Johann Carl Friedrich Gauss

Johann Carl Friedrich Gauss, born 30 April 1777, was a German mathematician. Sometimes referred to as the Princeps mathematicorum (Latin for "the Prince of Mathematicians") Gauss had a remarkable influence in many fields of mathematics and science and is ranked as one of history's most influential mathematicians.

Gauss developed the prime number theorem, which gives a good understanding of how prime numbers are distributed among integers. He also discovered that every positive integer is representable as a sum of at most three triangular numbers. On October first he published a result on the number of solutions of polynomials with coefficients in finite fields, which ultimately led to the Weil conjectures 150 years later. Gauss also made important contributions to number theory with his 1801 book Disquisitiones Arithmeticae (Latin for Arithmetical Investigations), which contained a clean presentation of modular arithmetic and the first proof of the law of quadratic reciprocity. Gauss is also responsible for the notion of the Gaussian curvature which is used in differential geometry. In 1835 Gauss did research in the field of physics where he developed Gauss's Law, also known as Gauss's flux theorem. It relates the distribution of electric charge to the resulting electric field, stating that the electric flux through any closed surface is proportional to the enclosed electric charge.

Gauss spent the years from 1845 to 1851 updating the Göttingen University widow's fund. This work gave him practical experience in financial matters, and he went on to make his fortune through shrewd investments in bonds issued by private companies.

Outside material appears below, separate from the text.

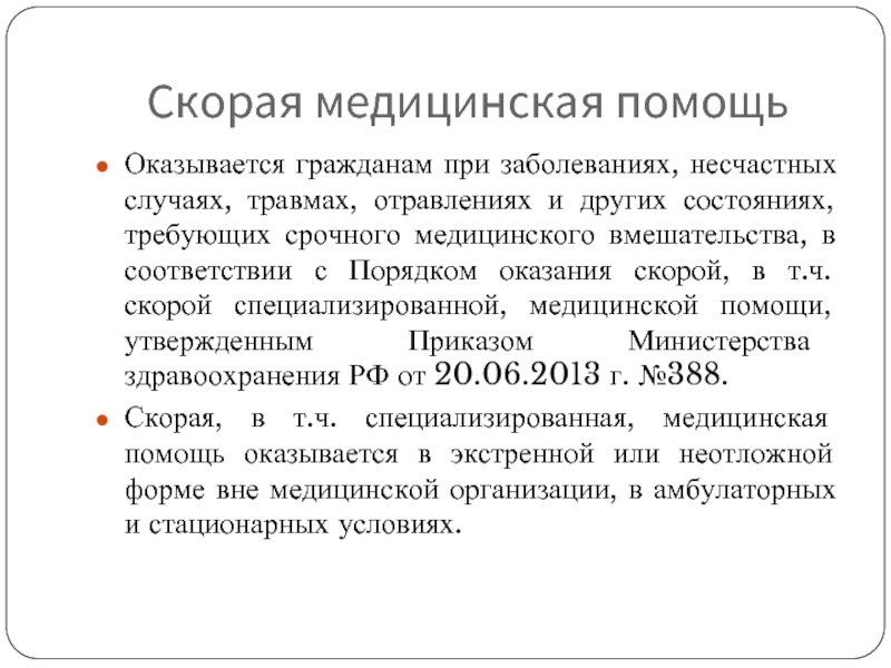 и других состояниях, требующих срочного медицинского вмешательства, в соответствии с Порядком оказания скорой, в т.ч. скорой специализированной, медицинской помощи, утвержденным Приказом Министерства здравоохранения РФ от 20.06.2013 г. №388.

Gauss died in Göttingen, Hannover (now part of Lower Saxony, Germany) in 1855 and is interred in the cemetery Albanifriedhof there. Two individuals gave eulogies at his funeral, Gauss's son-in-law Heinrich Ewald and Wolfgang Sartorius von Waltershausen, who was Gauss's close friend and biographer. His brain was preserved and was studied by Rudolf Wagner who found its mass to be 1,492 grams and the cerebral area equal to 219,588 square millimeters.